The hook: payment links replaced an entire SaaS category
Five years ago, if you wanted to sell a digital product without building a full website, you paid Gumroad, Podia, Lemon Squeezy or SendOwl somewhere between $20 and $100 a month for the privilege. The pitch was always the same: a hosted checkout page, a payment processor, an email receipt, maybe an affiliate program bolted on the side. Stripe quietly turned that whole stack into a single feature called Payment Links, and in 2026 it has become the default way creators, freelancers and small SaaS founders accept money on the internet.
The pricing math is brutal for the legacy players. Stripe charges its standard 2.9 percent plus 30 cents — the same rate you would pay anyway if you integrated Stripe yourself. Payment Links add zero markup. There is no monthly subscription, no per-product fee, no platform tax. You are paying for processing, full stop. Compare that to Gumroad's 10 percent on top of card fees, or Podia's $39 minimum monthly plan, and the appeal becomes obvious. Anything that does not need a course player or a community forum is now better served by a $0 Stripe link.
Context for 2026: what changed
Payment Links shipped in 2021 as a stripped-down feature. By 2026, they have absorbed most of what used to require Stripe Checkout integration: subscriptions with trials, free trials with no card upfront, customer portals, customizable success pages, post-purchase upsells, custom domains, and full Stripe Tax integration. The 2024 release added line item adjustments and customer-defined quantities. The 2025 update added optional shipping calculation and the ability to attach metadata fields that feed straight into your CRM. As of early 2026, Stripe is rolling out one-click checkout via Link (Stripe's saved-card network) on every Payment Link by default, which has dropped checkout abandonment by roughly 30 percent on tested merchants.
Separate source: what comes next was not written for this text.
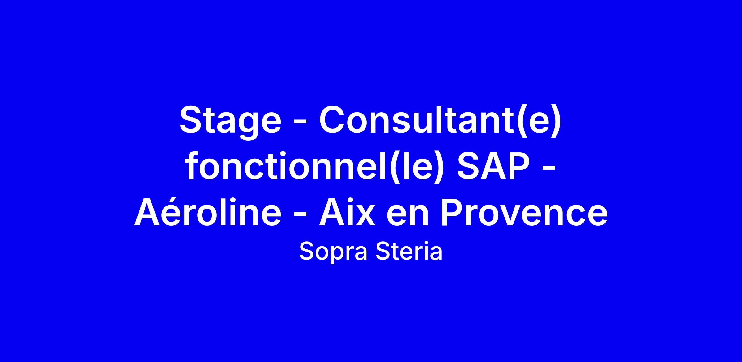 Cette offre de stage chez Sopra Steria à Aix en Provence vise un poste de Consultant(e) fonctionnel SAP, axé maintenance et évolution d’un ERP SAP (ECC ou S/4) pour un acteur majeur de l’aéronautique. Intégré dans une équipe opérationnelle, vous alternez apprentissage des procédures et contribution active au projet : recueillir les besoins, rédiger des spécifications et des dossiers de tests, paramétrer des fonctionnalités et participer à l’industrialisation, sous la supervision d’un référent fonctionnel et d’un chef de projet. Environnement SAP ABAP, méthode agile, équipe d’environ 5/6 personnes. Pour optimiser votre candidature, adaptez CV et lettre, valorisez vos projets SAP et ABAP, votre sens du client et du travail en équipe, et précisez votre disponibilité 4 à 6 mois et votre intérêt pour le travail hybride et les formations Sopra Steria Academy.

The other big shift is regulatory. Strong Customer Authentication in Europe, India's RBI tokenization rules, and the patchwork of US state-level sales tax obligations all used to be problems you had to solve yourself. Stripe now handles SCA via 3D Secure 2 transparently, tokenizes Indian cards through its local acquirer, and computes US destination-based sales tax through Stripe Tax — all behind a single Payment Link toggle.
Setup: from zero to live link in two minutes
Step 1 — Activate your Stripe account
Sign up at stripe.com, verify your business details and bank account. For most countries this is instant for test mode and takes one to three business days for live payouts. You do not need a registered company — sole proprietorships and individuals are accepted in most regions.
Step 2 — Create a product
In the Dashboard go to Product catalog → Add product. Enter a name, description, image and price. Choose between one-time and recurring. For recurring, set the billing interval (daily, weekly, monthly, yearly, or custom). You can add multiple prices to one product (for example monthly and annual tiers) and the link will let the buyer choose.
Step 3 — Generate the Payment Link
From the product page click Create payment link, or go to Payments → Payment Links → New. Pick the price, configure options (collect address, custom fields, promotion codes, tax behavior, after-payment behavior), and click Create link. Copy the URL. That is your checkout. Paste it into a button, an email signature, an Instagram bio, a QR code on a flyer — anywhere a URL fits.
Step 4 — Test it once
Switch the Dashboard to test mode, run through the link with card number 4242 4242 4242 4242, any future expiration, any CVC. Confirm the receipt arrives, the webhook fires (if you set one), and the success page looks right. Then flip to live mode and you are done.
One-time vs recurring
The single biggest decision when creating a Payment Link is whether the price is one-time or recurring, because that determines what Stripe creates behind the scenes. A one-time link generates a Charge object and a one-shot Customer if you ask for an email. A recurring link generates a Subscription object, a recurring invoice schedule and a permanent Customer record with a saved payment method. Recurring links are what people actually mean when they say "build a SaaS without code" — you can run a $19/month membership entirely through one URL, with Stripe handling renewals, failed-card recovery, dunning emails and proration if the customer upgrades. One-time links are simpler and right for digital downloads, ebooks, presets, course purchases without ongoing access, consultations, deposits and physical goods. You can mix both: many creators sell a one-time onboarding fee plus a recurring monthly subscription as two linked products on the same link, which Stripe handles natively as a setup fee.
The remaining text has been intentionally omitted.